Furthermore, as I blogged previously, eyewitnesses (one now with video evidence, reported in The Economist this week) in Uzbek neighborhoods saw regular Kyrgyz troops actively assisting the anti-Uzbek mobs in several cities, either clearing their paths with military vehicles or even joining the shooting of civilians. Thus only an outside peacekeeping force will be sufficient to reassure Uzbek civilians that it is safe to return to their homes or to normal activities. None is on the way.
The mayor of this southern city [Osh, where most of the killing occurred] issued an ultimatum that Uzbeks voluntarily dismantle the barricades they have sheltered behind by Sunday night or force would be used to eliminate the barriers, some made with the wreckage of trucks destroyed in the rioting, minibuses and large boulders. The Uzbeks have been holed up in their neighborhoods for days in the wake of the ethnic violence that killed thousands and caused a massive refugee crisis.
“To create zones where the government does not have power, we are never going to allow that,” said the mayor, Melisbek Myrzakmatov.
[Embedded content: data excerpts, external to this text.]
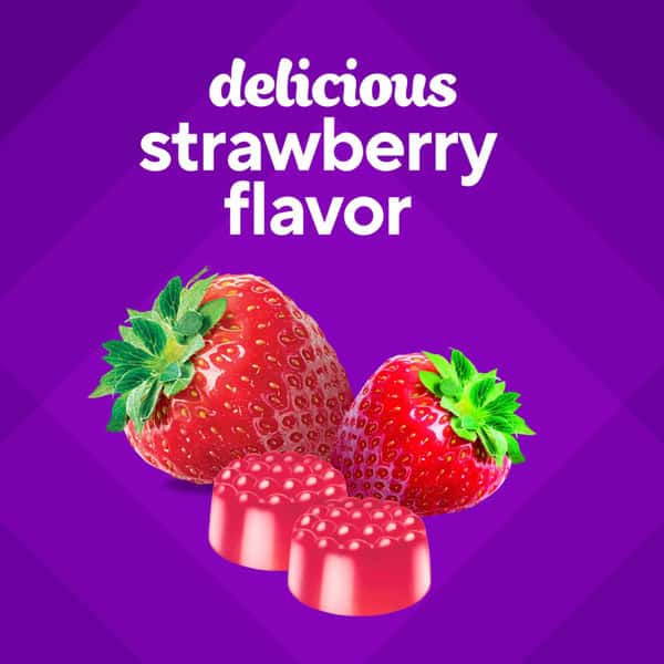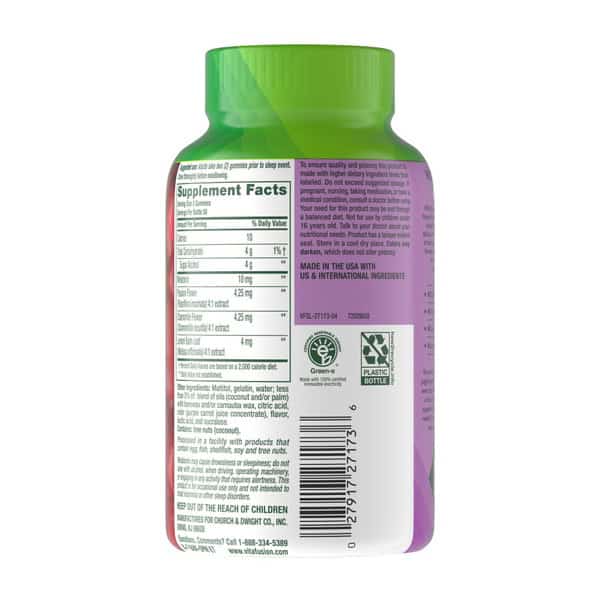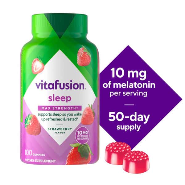 Wake up ready to take on the day with vitafusion Max Strength Melatonin Gummy Supplements, formulated for sleep support (1). It’s a yummy melatonin gummy made with a natural strawberry flavor that helps as a sleep support to help you wake up feeling refreshed (1). Each two-gummy supplement serving supports sleep and helps with jet lag recovery (1). These gummy melatonin supplements are specially formulated to provide 10 mg of melatonin per serving. They also provide a great tasting and convenient alternative to traditional, hard-to-swallow melatonin sleep support pills. Each flavorful melatonin gummy is made with no artificial flavors or sweeteners, no gluten, no high fructose corn syrup, no dairy and no synthetic FD&C dyes. Look forward to your daily dose of melatonin with vitafusion gummies. This 100 count bottle of sleep supplements for adults ensures you’ll have enough to last you 50 days. vitafusion is the only gummy vitamin brand with products that have been awarded the ChefsBest Excellence award for taste; these melatonin gummies were the recipient of the 2021 ChefsBest Excellence Award (2). Take a fruitful step toward a healthier, happier world with vitamins from Vitafusion, the gummy vitamin experts. (1) These statements have not been evaluated by the Food and Drug Administration. This product is not intended to diagnose, treat, cure or prevent any disease. (2) The ChefsBest Excellence Award is awarded to brands that surpass quality standards established by independent professional chefs. Evaluation funded by Church & Dwight Co., Inc.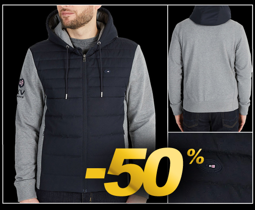 Hoodie homme Eden Park XV de France Tissage fin de haute qualité - Capuche avec cordon de serrage - 2 poches zippée Matière 100% Polyester - Couleur Bleu Marine / Gris - Fermeture zippée Eden Park H23MAISW0039
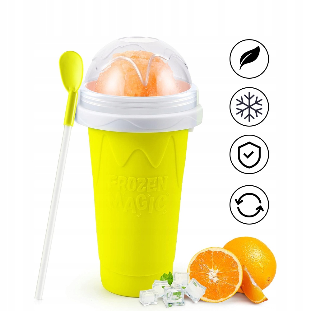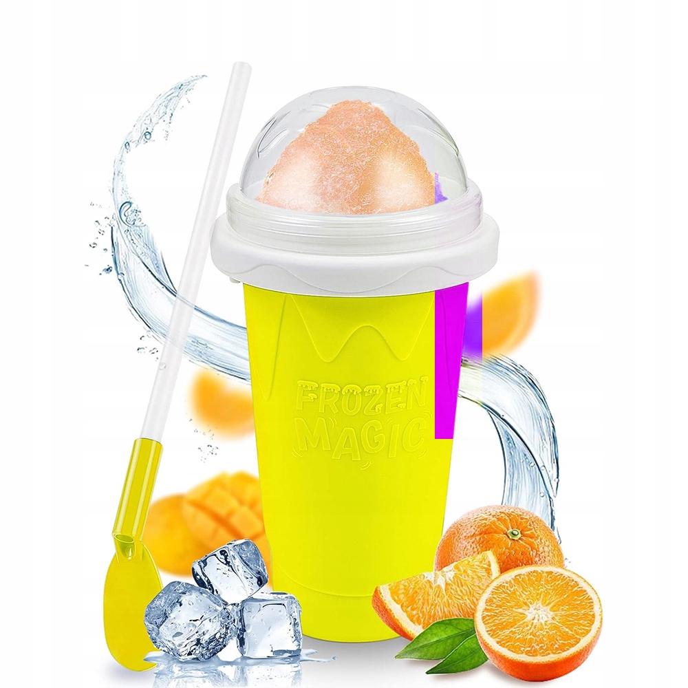 🍧🍧🍧 【вбудована функція заморожування】 Слішна кружка має вбудований морозильник, якого можна досягти, неодноразово натиснути після заморожування, що допомагає вам швидко робити коктейлі та насолоджуватися прохолодним літом. Повторне використання】 Внутрішня ємність чашки морозива виготовлена з матеріалу EVA, який може мати контакт з їжею. Зовнішній шар виготовлений з силікону, призначеного для контакту з їжею, яка приємна на дотик, стійкий до капання і не деформується легко. Інші деталі виготовлені з високоякісного матеріалу ПП. Чашки добре запечатані, вони не просочуються легко, вони підходять для багаторазового використання (ви не можете мити у пральній машині!) Унікальний дизайн ідеально підходить для дітей, щоб насолоджуватися різними смаками в Слоші, ідеальним подарунком для сім'ї та друзів влітку!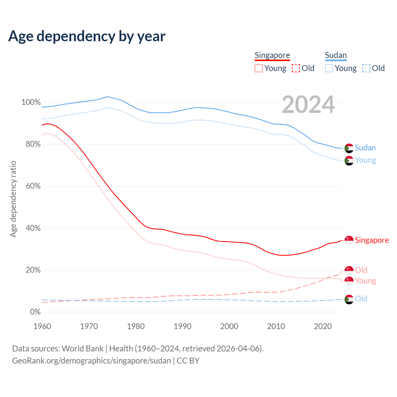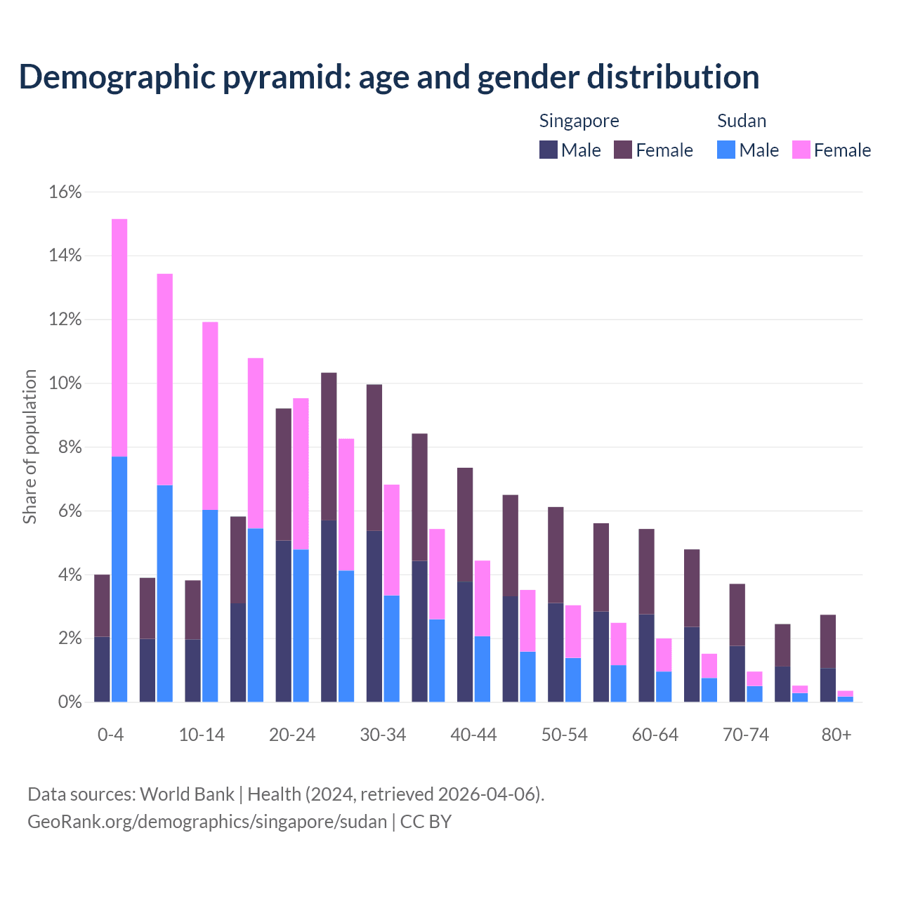 - Singapore is ranked 68/196 by median age (oldest to youngest) vs 172/196 for Sudan.

Uzbek leaders immediately rejected his demand.
[…]
Uzbeks have said the Kyrgyz military took part in the attacks, and they have repeatedly said that they will not get rid of the barricades because they have no confidence that the provisional Kyrgyz government will protect them.
Ethnic Kyrgyz also died in the rioting, but it appears that most of the casualties and damage were in Uzbek neighborhoods.
This isn’t going to fix itself. But the world doesn’t care.